Like Christmas, the Eurovision Song Contest comes to us every year with a certainty. Like Christmas, it promises us so much. Like Christmas, it usually doesn’t live up to expectation. And like Christmas, it ends with a hangover. But also like Christmas, the preparations and discussions on it start much too early.
The Eurovision Song Contest started out as a singer and songwriter contest in 1954, for people who could sing and write songs. It turned into a multimillion Euro festival with show acts from all over Europe. It is therefore debatable, if quality has anything to do with it anymore. But the important thing about it is that the viewers are giving away the crown to the winner. That also is a change from the early days, when there were juries in every country giving points to the song to find the best or whatever.
The reading out of these points, now democratically distributed, is taking longer in modern Europe than the show itself; there are so many new countries all of a sudden. And they have definitely changed the contest once again. The change this time is not in the quality of singers or song texts, though personally I think the quality has gone up over the level reached in the eighties, but in the possibilities to win this contest.
Up to the point where the eastern European countries joined in the fun, it had been a fairly even affair, with the noted tendency that countries gave points rather to their neighbours than farther off, and that the northern countries tended to give the best placements to the other northern countries. But that was small fry and everybody could win no matter if it was one of the Big Four United Kingdom, France, Spain, and Germany who defray the costs of the contest, or one of the small ones.
In recent years, the Big Four have more than once had the infamous zero points marker and western small countries more often than not didn’t even reach the finals. This has to do with the new eastern countries which have a tendency to cross-adjudge their points to each other rather than to western countries whose music must sound exceedingly dull to them.
Switzerland tried it once with taking up an eastern European band, Vanilla Ninja, and succeeded with that to 6thplace.

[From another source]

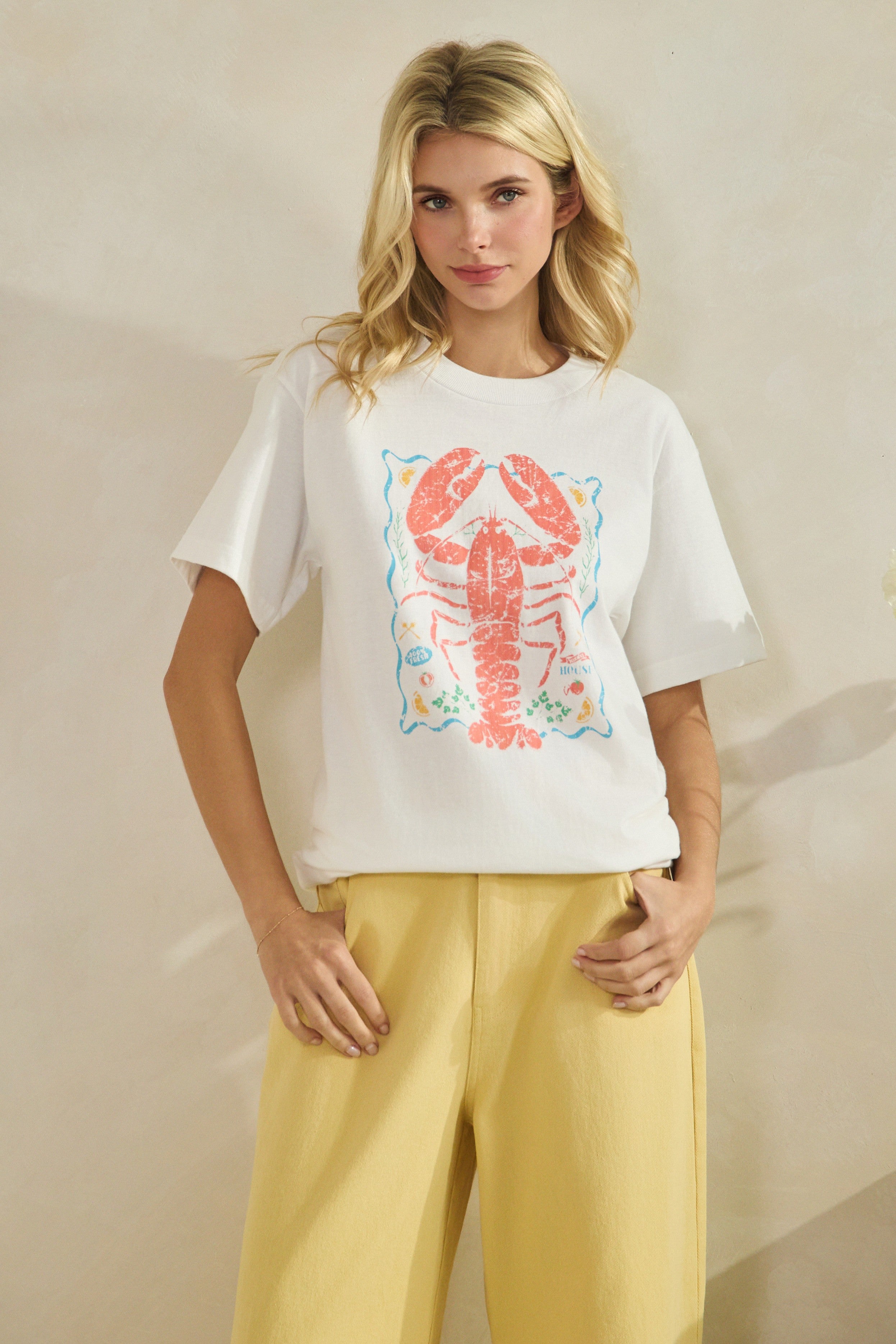 Dive into coastal charm with this short sleeve graphic tee featuring a whimsical lobster design that brings vintage seaside vibes to your everyday wardrobe. Crafted from soft, lightweight fabric with a classic crew neckline, it's the ultimate go-to for relaxed comfort. Whether you're pairing it with shorts for a beach day, throwing it over a tank, or keeping it casual with lounge pants, this tee delivers effortless style that works from morning coffee runs to weekend adventures. Pure laid-back fun.

But another year, when they sent out the biggest Swiss music export, DJ Bobo, the final was gloriously missed, even though Bobo had only just returned from an eastern tour which had been sold out.
Now Britain, after too many zeros, has taken up the big gun and asked Andrew Lloyd Webber to write the song for next year’s contest. I wouldn’t dare t doubt the tipsy Lord’s ability to write good musicals, quite apart from his beautiful Requiem. But I doubt that he can get the kind of music to paper that goes for the contest. And if he does, I doubt it will make a difference. Zero points again, let’s face it.
If the BBC would dare to get one of the eastern pop stars to perform the music of Lloyd Webber, then maybe there would be a chance of success. Instead we are looking forward to a further boring competition of indifferent singers to find the one who will perform and fail. Gloriously failing in lost causes was attributed to Oxford only; does it have to be the whole country now, year after year?
Maybe we should take the chance of the slump for a bailout, and bail out of the Eurovision Song Contest completely. Other countries are considering it, so why not we? We could put the moneys going into the contest every year perfectly well to some better programs that are less boring.